Carmichael Courtney, Lau Clayton, Josephson David Y, Pal Sumanta K
City of Hope Comprehensive Cancer Center, Duarte, CA 91010, USA.
Clin Adv Hematol Oncol. 2012 May;10(5):307-14.
The landscape of treatment for metastatic renal cell carcinoma (mRCC) continues to evolve. Although several new drugs have been approved for the treatment of this disease in recent years, mRCC remains incurable. Thus, the search continues for new effective therapies. One such novel compound is axitinib (Inlyta, Pfizer), a potent vascular endothelial growth factor receptor tyrosine kinase inhibitor. Following phase I testing in advanced solid tumors (where hypertension, stomatitis, and diarrhea were the dose-limiting toxicities), use of axitinib has been further developed through phase II testing in thyroid, breast, lung, and renal cancers. Recently, the phase III AXIS (Axitinib [AG 013736] as Second Line Therapy for Metastatic Renal Cell Cancer) trial demonstrated an improvement in progression-free survival for patients with mRCC who were treated with axitinib versus sorafenib (Nexavar, Bayer) as second-line therapy. This article describes the preclinical and clinical evolution of axitinib, with an emphasis on its development and role in mRCC.
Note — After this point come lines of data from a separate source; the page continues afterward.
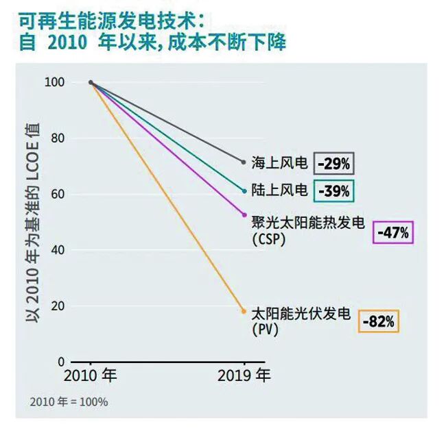 过去十年,光伏和风电的度电成本分别下降了约八成和四成,且仍有进一步下降空间。
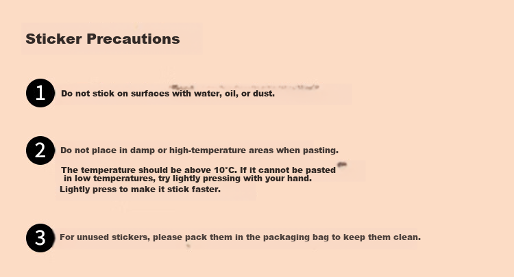 **Usage Precautions:** Do not apply on wet, oily, or dusty surfaces. Store in a dry and cool place. Apply at temperatures above 10°C. If unable to stick in low temperatures, lightly press with hand for better adhesion. Store unused labels in packaging to maintain cleanliness.
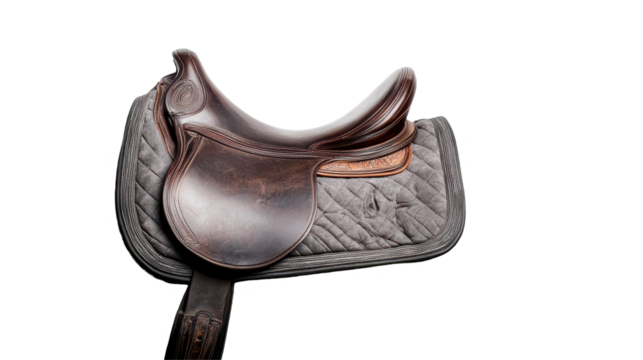 detailed close up of saddle on dapple gray horse, showcasing craftsmanship and design
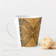 Das abstrakte Originalmuster von ZoeSPEAK auf dieser kleinen Latte-Tasse entstand aus Zoes Originalfoto einer Muschel. Das enge Foto der weißen Muschel wurde zu Parkettböden, goldbraun getönt, kombiniert. Die Fliesen haben eine zusätzliche Touch, die mit gebogenen metallischen Diamantformen versehen ist, die die Nähte markieren.
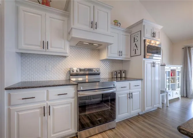 +"PublicRemarks": "Welcome to this beautifully maintained, like-new ranch/reverse 1.5 home. The open-concept living room, kitchen, and breakfast area create an inviting first impression with vaulted cathedral ceilings, luxury vinyl plank flooring, and expansive windows that fill the space with tons of natural light. The kitchen blends style and function, offering ample room for cooking, gathering, and entertaining, with upgraded granite countertops, a beautiful tile backsplash, painted cabinetry, and stainless steel appliances. Just off the kitchen, the breakfast room features sliding glass doors that lead to the covered patio, while the living room features a stunning stone-front gas fireplace. The primary bedroom is light-filled and refined with vaulted ceilings and box bay windows overlooking the backyard. The en suite bathroom offers a double bowl sink, a beautifully tiled custom walk-in shower with a built-in niche & a granite-topped bench, and a walk-in closet. The main level also includes two additional bedrooms with generous closet space, a second full bathroom, and conveniently located laundry. The builder-finished basement expands the living space with a fourth bedroom that has a large egress window, a third full bathroom, and plenty of room to entertain in the large family room and recreation area. Situated on a generous corner lot, the home offers a sizable patio with both covered and uncovered areas, perfect for future BBQ's and fun! Upgrades/Updates: irrigation system, buried downspouts, landscaping, a vertical garage door opener, and an expansion to the patio."
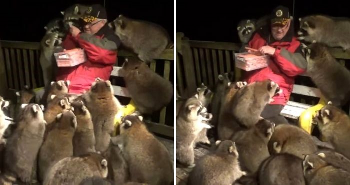 This Video Showing Him Feeding The Raccoons With Hot Dogs Has Gone Viral
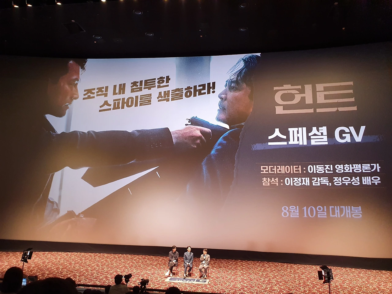 영화는 대한민국 80년대의 사회 이야기를 담고 있다. 굳이 80년대의 한국이 어땠는지 알고 있지 않아도, 재미있게 볼 수 있지만 알고 본다면 재미는 배가 될 것 같다. 필자는 따로 찾아보고 가지는 않았는데, 근현대사 사건에 대해 원래 관심이 많았던 편이라 영화를 보며 '이 사건이 이렇게 등장하는구나'하고 보는 묘미가 있었다. 스토리가 밀도가 높은 편이라서 집중해서 봐야 하지만, 처음부터 계속 보다 보니 스토리에 그냥 매료되었다. 이정재 감독이 각본을 다루신 건 거의 처음일 텐데, 이렇게까지 깔끔하면서 깊게 이야기를 풀어낼 수 있었는지 정말 궁금하다. GV 때 말씀하신 것을 들어보니 '남산'이라는 제목을 가진 초고에서 감독님이 정말 많은 것을 수정해서 '헌트'라는 각본이 나왔고, 그 수정하는 과정에서 본인이 원하는 메시지와 주제를 담기 위해 정말 많은 노력을 하신 것 같았다. 영화에서 그 노력의 결과가 잘 드러났고, 아무리 생각해도 감독님께 찬사를 보낼 수밖에 없는 것 같다.
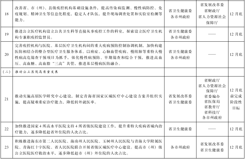 (七)开展公立医院高质量发展试点。落实《青海省推动公立医院高质量发展实施方案》,在5所省级医院(省人民医院、青海大学附属医院、青海红十字医院、省中医院、省妇女儿童医院)、5所市(州)级医院(西宁市第一人民医院、西宁市第二人民医院、海西州人民医院、海南州藏医院、黄南州人民医院)和3所县级医院(互助县人民医院、贵德县人民医院、都兰县人民医院)开展公立医院高质量发展工作试点。制定《青海省公立医院高质量发展促进行动(2022—2025年)》,明确各项重点任务的时间表、路线图和阶段目标,推动实现“三转变三提高”。开展公立医院高质量发展监测督导评价工作。健全公立医院运营管理体系,推动实施优化资源配置、提高医疗质量安全的业务与财务融合措施。(各市州政府,省卫生健康委、省财政厅、省人力资源和社会保障厅、省医保局、省发展改革委按职责分工负责)
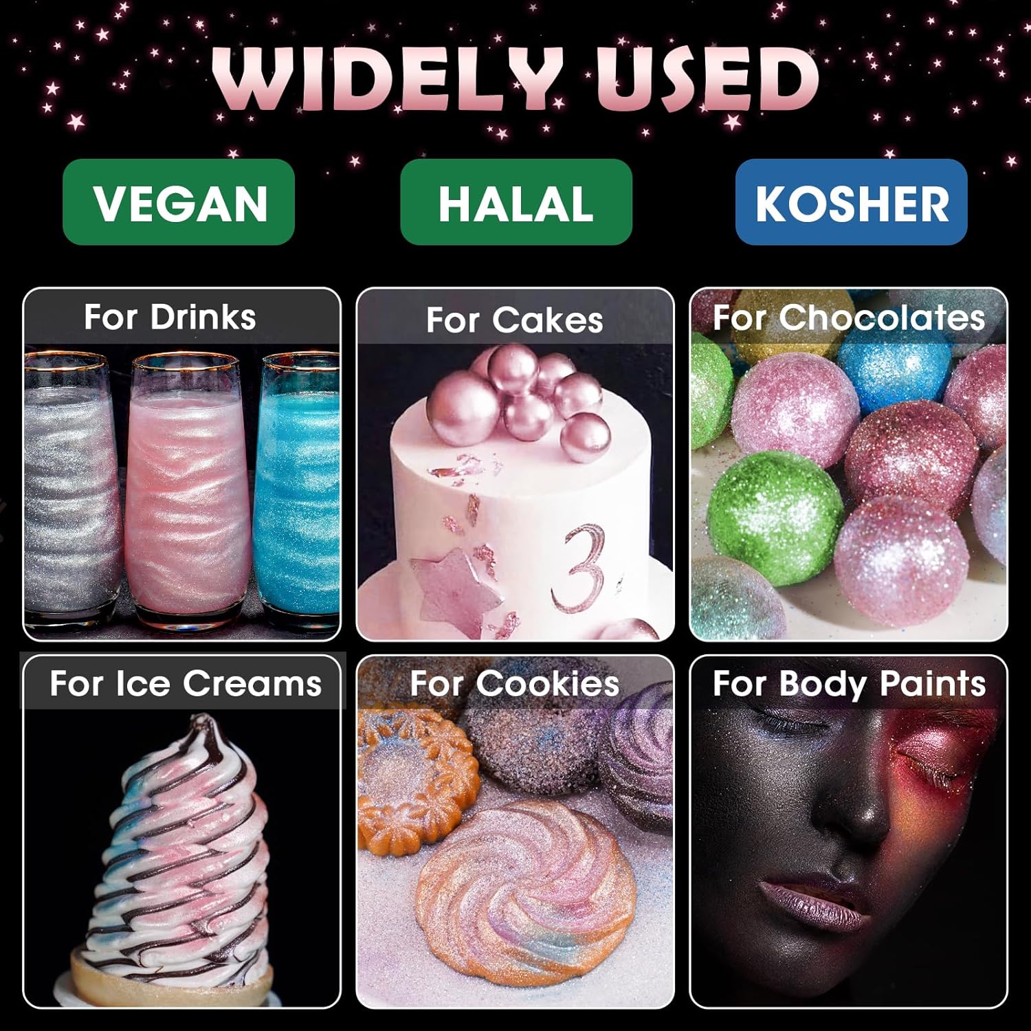 • ✔️【Vegan & Allergen-Free】Food-grade glitter uses only the highest quality vegan ingredients and does not contain common food allergens, including gluten, nuts or dairy products, so everyone can use and enjoy this product regardless of diet or food allergies. Unlike food contact glitter, these are 100% edible, so you don't need to worry about using them in your creations to make them sparkle for all.
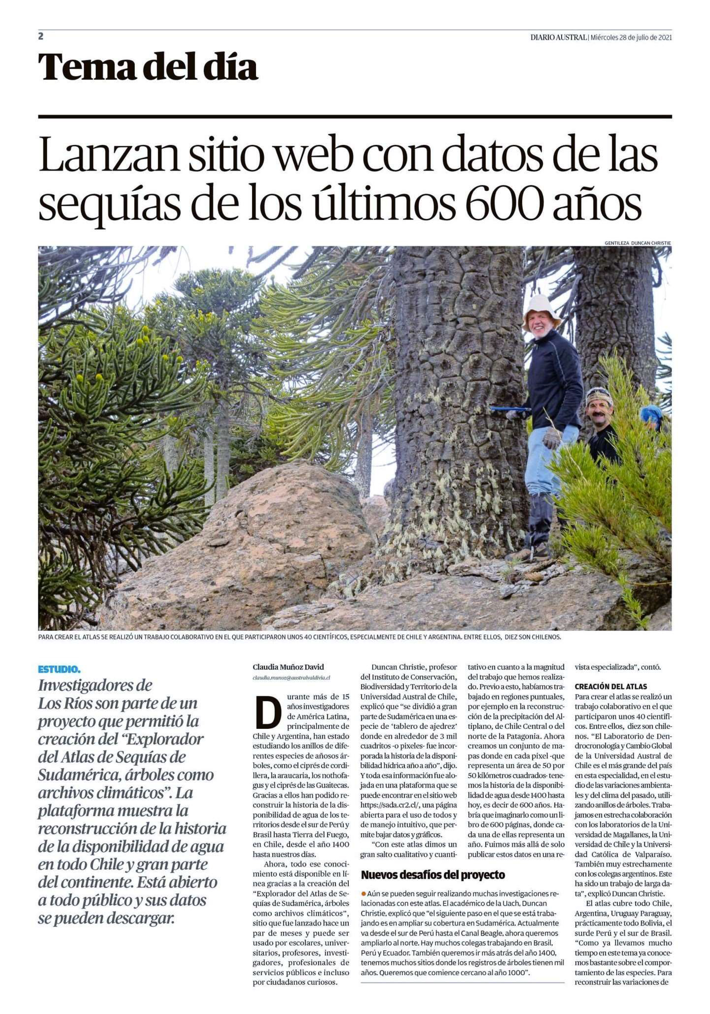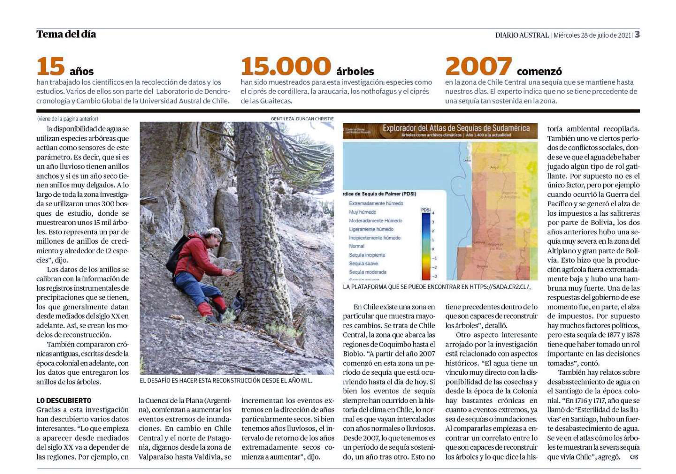 Investigadores de Los Ríos son parte de un proyecto que permitió la creación del «Explorador del Atlas de Sequías de Sudamérica, árboles como archivos climáticos». La plataforma muestra la reconstrucción de la historia de la disponibilidad de agua en todo Chile y gran parte del continente. Está abierto a todo público y sus datos se pueden descargar.

转移性肾细胞癌(mRCC)的治疗格局在持续演变。尽管近年来有几种新药被批准用于治疗这种疾病,但mRCC仍然无法治愈。因此,对新的有效疗法的探索仍在继续。一种这样的新型化合物是阿昔替尼(英利达,辉瑞公司),一种强效的血管内皮生长因子受体酪氨酸激酶抑制剂。在晚期实体瘤中进行I期试验(其中高血压、口腔炎和腹泻是剂量限制性毒性)后,阿昔替尼已通过在甲状腺癌、乳腺癌、肺癌和肾癌中的II期试验得到进一步开发。最近,III期AXIS(阿昔替尼[AG 013736]作为转移性肾细胞癌的二线治疗)试验表明,接受阿昔替尼治疗的mRCC患者与接受索拉非尼(多吉美,拜耳公司)作为二线治疗的患者相比,无进展生存期有所改善。本文描述了阿昔替尼的临床前和临床演变,重点是其在mRCC中的开发和作用。